*Work to complete*. Return the listing exactly, please; no pictures.

[Provided material — start]

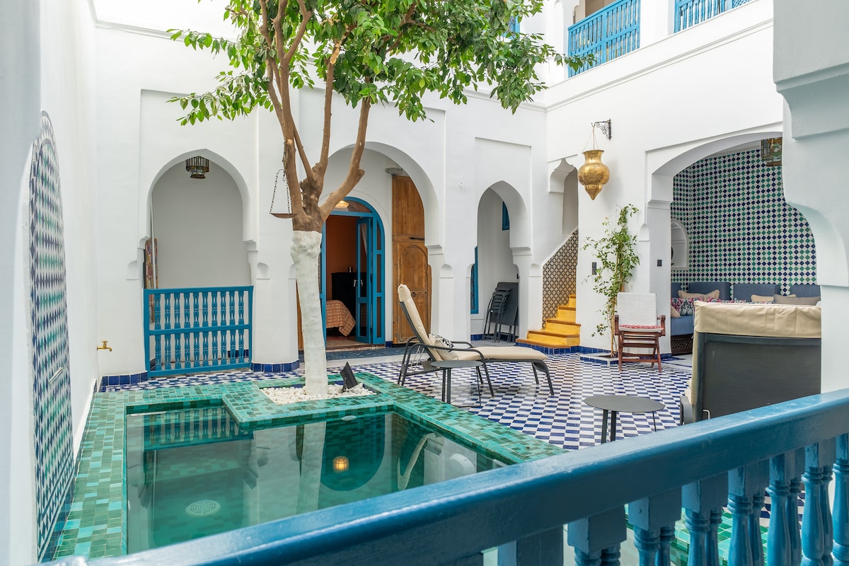 摩洛哥傳統庭院位於馬拉喀什的麥地那,在一個安靜的區域,距離露天市場僅幾分鐘路程,距離Jemaa El Fna僅12分鐘路程,是一個安靜的天堂,有2個溫水泳池、按摩浴缸、土耳其浴室和按摩室。 無線網路連線,結合摩洛哥的現代舒適性和真實性。 我們的5間空調房配有獨立浴室,經過全面翻修,每間都以調解的優雅和清醒為個性化。 我們邀請您在幾天的時間內成為馬拉克基
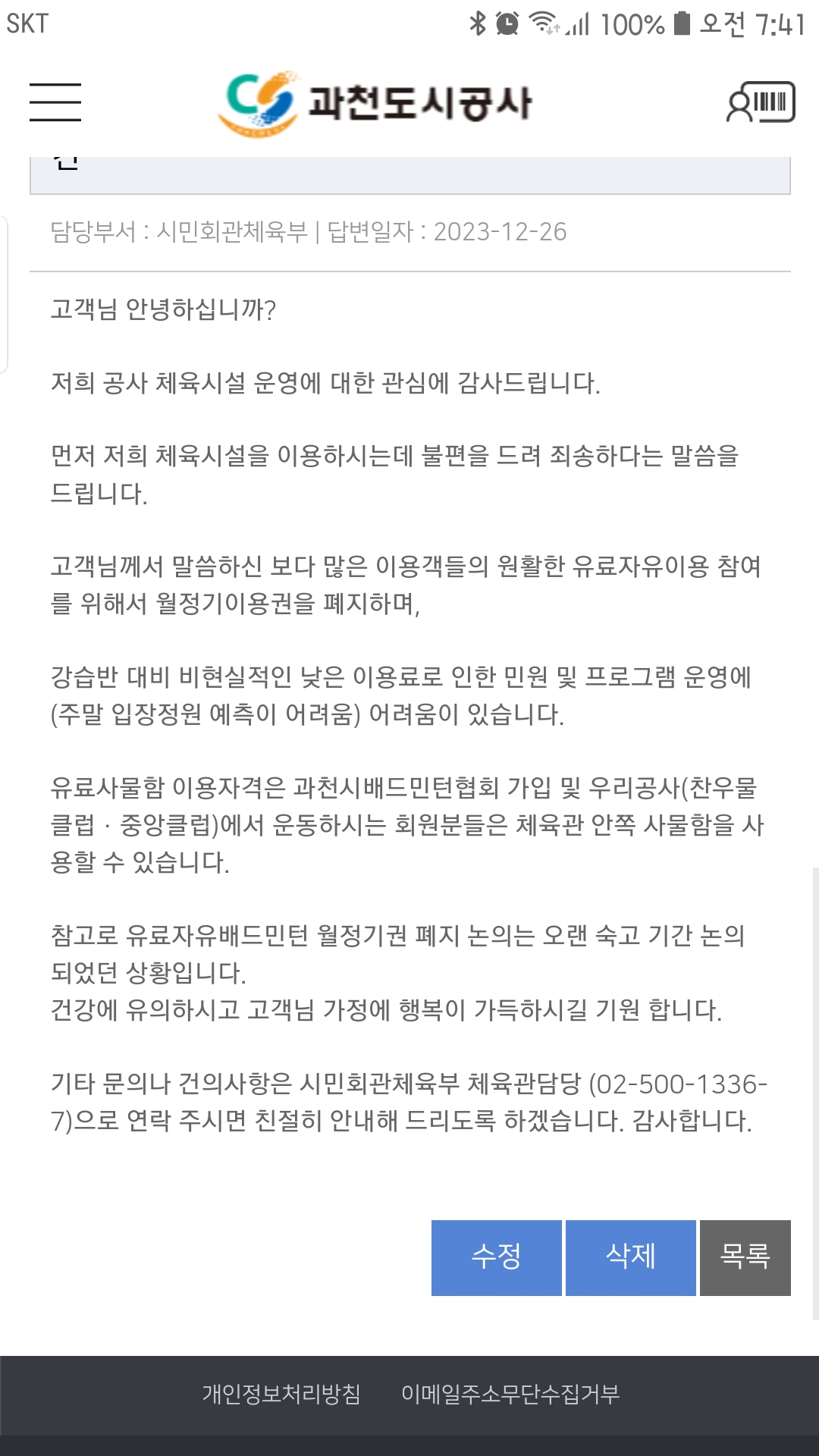 저희 공사 체육시설을 이용해 주셔서 감사합니다.
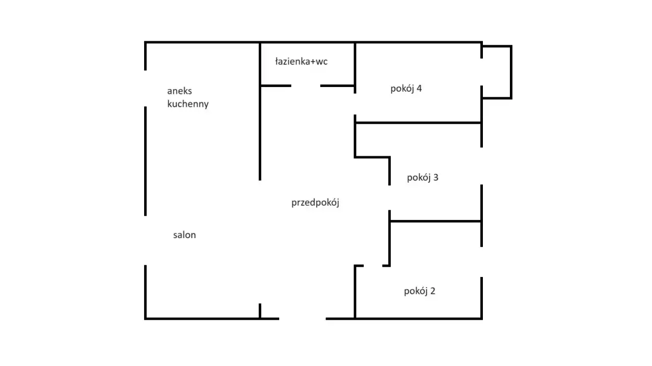 Na sprzedaż mieszkanie czteropokojowe o powierzchni 62,22m2. Nieruchomość położona jest na IV piętrze w bloku z płyty po termomodernizacji. Lokal składa się z salonu połączonego z aneksem kuchennym, trzech sypialni, łazienki połączonej z wc oraz przedpokoju.
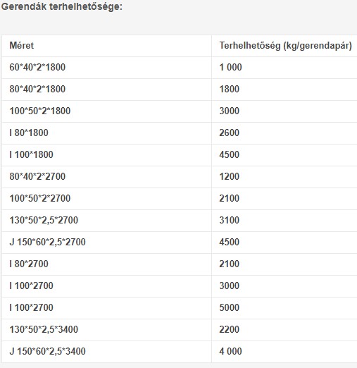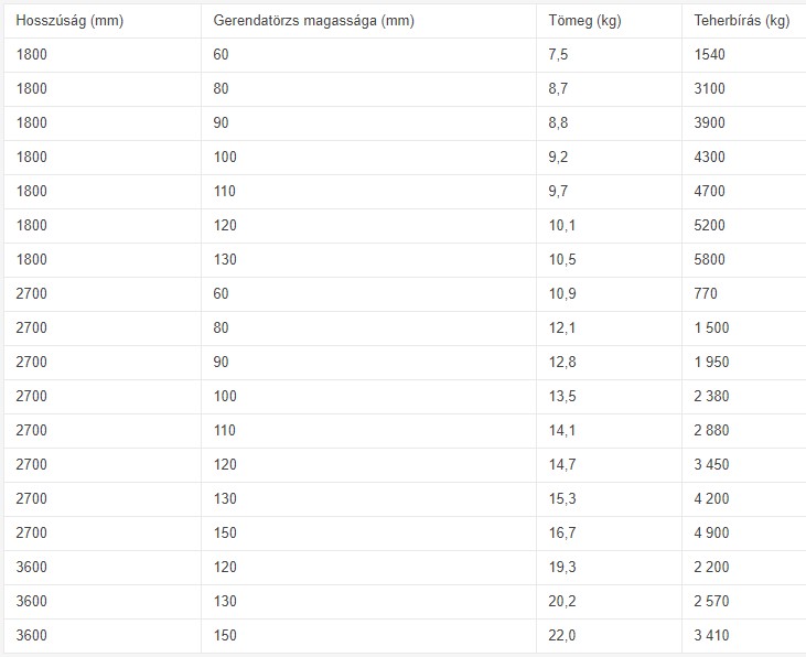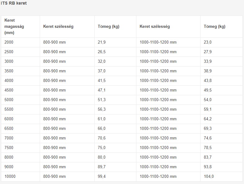 Keretek magassága: 3000-9000 mm között 500 mm osztással.

[Provided material — finish]

*Answer to the exercise*.
 摩洛哥傳統庭院位於馬拉喀什的麥地那,在一個安靜的區域,距離露天市場僅幾分鐘路程,距離Jemaa El Fna僅12分鐘路程,是一個安靜的天堂,有2個溫水泳池、按摩浴缸、土耳其浴室和按摩室。 無線網路連線,結合摩洛哥的現代舒適性和真實性。 我們的5間空調房配有獨立浴室,經過全面翻修,每間都以調解的優雅和清醒為個性化。 我們邀請您在幾天的時間內成為馬拉克基
 저희 공사 체육시설을 이용해 주셔서 감사합니다.
 Na sprzedaż mieszkanie czteropokojowe o powierzchni 62,22m2. Nieruchomość położona jest na IV piętrze w bloku z płyty po termomodernizacji. Lokal składa się z salonu połączonego z aneksem kuchennym, trzech sypialni, łazienki połączonej z wc oraz przedpokoju.
 Keretek magassága: 3000-9000 mm között 500 mm osztással.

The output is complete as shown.